Эффект бабочки. Израиль – Иран: от мира – к войне, от дружбы к ненависти — страница 16 из 24

Слушая рассказы сына, пытаюсь вспомнить эти часы в темноте комнаты – комнаты лунатика. Работает приемник. Силуэт в стеклах книжных полок напоминает кого-то, похожего на меня в молодости, ибо темнота омолаживает. В эфире какая-то свистопляска, неразбериха, дымовая завеса противоречивых сообщений. Какие-то воздушные бои. Ссылаясь на сирийцев, наш диктор сообщает, что сбито сто израильских самолетов.

В приемнике – голос министра обороны Шарона: в результате неслыханной до сих пор операции с применением новейших электронных средств войны в течение считанных часов уничтожено девятнадцать сирийских батарей СА-2, СА-3, СА-6.

В эфире странное молчание. Как будто мир, без умолку, на все лады и на всех языках болтавший и пляшущий вокруг этой войны, внезапно набрал в рот воды, уподобился удаву, заглотавшему несъедобную пищу.

И где-то, на севере, залег, притихнув, СССР, обложивший брюхо Варшавским пактом, как спасательным поясом, чьи спасательные свойства за эти несколько часов оказались под вопросом.

Если другим кажется, что в эти часы история вершится на их глазах, для меня она остановилась.

Я тоже молчу, ибо не могу судить: мой сын в пекле.

Голос диктора, как бикфордов шнур под мою жизнь, обжигает слух.

Телефонный аппарат смертельным капканом стынет молчаливо на столе.

Накладная с личной печаткой: «укладчица Степанова»

Сын продолжает свой рассказ…

Посреди пасторального пейзажа остатки сгоревших машин, разбросанные трупы, запах горелого человеческого мяса: всё, что осталось от разгромленной сирийской батареи.

Рассыпавшись цепью, идем в атаку на укрепленную позицию, в гору. Сирийцы бегут в другую сторону, напарываются на отряд наших сержантов.

Всё указывает на внезапность нашего прорыва – в палатках чашки с дымящимся кофе, брошенные впопыхах ржаво-белые маскхалаты «Эдельвейс» сирийских «коммандосов», книжка на арабском о Зое и Шуре Космодемьянских. С вращающейся магнитофонной ленты – голос Аллы Пугачевой. Сплошь памятные подарки от бывшей моей родины – вычислитель стрельбы на русском языке, пробитый пулями.

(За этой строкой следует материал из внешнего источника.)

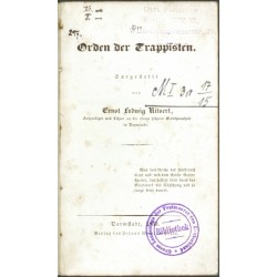 Ritsert, Ernst Ludwig (1800-1843). "Der Orden der Trappisten". Darmstadt: Heyer, 1833. Small 8vo. XIX, (1), 360 pp. Paper binding from the time.
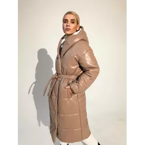 Довга жіноча зимова куртка - пуховик ZEFIR з екошкіри класу Lux на силіконі 200 з капюшоном бежевого кольору
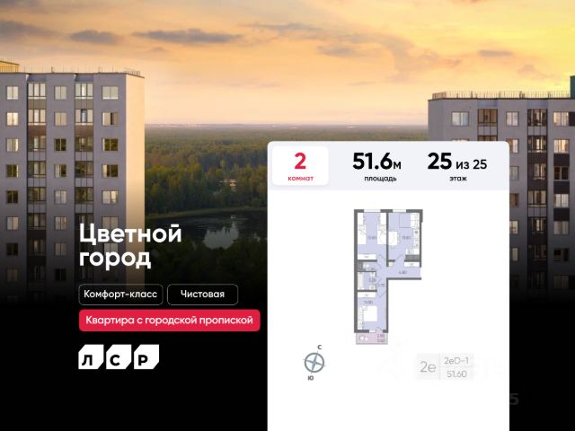 Цена действует при 100% оплате и на определенные ипотечные программы. Подробности — в отделе продаж по телефону. Продается 2-комнатная квартира в ЖК "Цветной город" на 25 этаже. Общая площадь составляет 45.20 кв. м. Квартира с чистовой отделкой Срок сдачи дома: 4 квартал 2025. Жилой комплекс "Цветной город" располагается по адресу Санкт-Петербург, Красногвардейский. "Цветной город" - современный масштабный эко-проект: жилые кварталы со своей сетью улиц, пешеходными бульварами и велодорожками, площадками для спорта и отдыха. Кварталы располагаются вдоль береговой линии реки Охты. "Цветной город" - это жизнь вблизи природы, но с городской пропиской. К 2026 году на берегах реки Охты будет создан Пейзажный парк с летними экотропами и зимними горками для тюбингов, скейт-парком и летним кинотеатром. В ЖК "Цветной город" запланировано и уже частично реализовано строительство 10 школ, 16 детских садов, 4 поликлиники, больница, ТРК, спортивно-оздоровительные сервисы С центром Петербурга жителей "Цветного города" свяжет Пискарёвский проспект, удобный выезд на КАД позволяет без труда добираться до других районов. Расположение: • 10 минут на авто до КАД; • 15 минут на авто до станций "Гражданский проспект" и "Академическая"; • 20 минут до ж/д станции "Ручьи".; Квартира сдается с готовой отделкой из современных экологичных материалов: на стенах плотные белые обои под покраску, на полу износостойкий матовый ламинат, в санузлах керамическая плитка на стенах и керамогранит на полу. Трубы отопления скрыты в стяжке пола и не мешают мебели. В квартире предусмотрено большое количество двойных розеток и выключателей. В ЖК "Цветной город" предусмотрена система "Умный дом": смартфон с приложением является ключом от всех дверей в ЖК, гостевой доступ оформляется в приложении, видеозвонки от домофона поступают в приложение, показания счетчиков автоматически передаются в учетные базы ЖКХ. Преимущества: • Рядом лесопарк и река Охта • Живописные виды из окон • Безбарьерная среда • Развитая социальная инфраструктура • Система "Умный дом" Успейте приобрести квартиру на выгодных условиях! Чтобы узнать подробности, обращайтесь за консультацией по телефону.
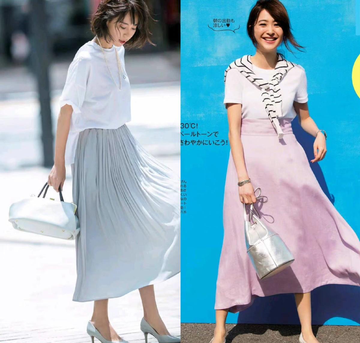 These two outfits are very typical examples. If matched with a light blue skirt, it can create a very fresh and elegant look. The feeling is that if you use a pink skirt, you will not have the trouble of looking dark, but will be sweeter.

Накладная из ящика со снарядами для гранатомета с личной печаткой – «укладчица Степанова».

Абсолютно новый танк Т-62, сиденья в целлофане. Все надписи по-русски. Можешь изучать его «только за то», что он настигает на всех путях жизни, и нигде в мире, как здесь, нет столько оружия, по которому можно изучать русский язык.

Слушаю сына и вспоминаю, что в Рамалле и Дженине русские женщины, жены арабов-коммунистов, с тоской подпевают Алле Пугачевой, по тропинке бегает пацан с именем Хасан-Алеша, а со стен домов арабского Назарета, родины Иисуса, смотрит Ильич в кепочке, с издевательским прищуром: «Правильной дорогой идете, товарищи!»

Правильной или неправильной, но атака спецназа была столь внезапна, а неразбериха на передовой столь велика, что весь этот день и следующий, до прекращения огня, сирийцы уверены, что позиция в их руках, шлют то грузовик с подкреплением, то бронетранспортер, и мы, – говорит сын, – подпуская их поближе, расстреливаем в упор.

Письма на рецептурных бланках

Десятое августа. Мы в Бейруте.

Не более пятидесяти метров отделяют многоэтажный дом, в котором мы закрепились, от дома, набитого террористами, рядом с беговыми дорожками ипподрома. Тесное это пространство простреливается гранатометчиками и снайперами, так, что носа не высунуть. Здесь нет ни фронта, ни тыла. И все же находятся безумцы, пересекающие на машинах это кладбищенское пространство, заселенное лишь привидениями.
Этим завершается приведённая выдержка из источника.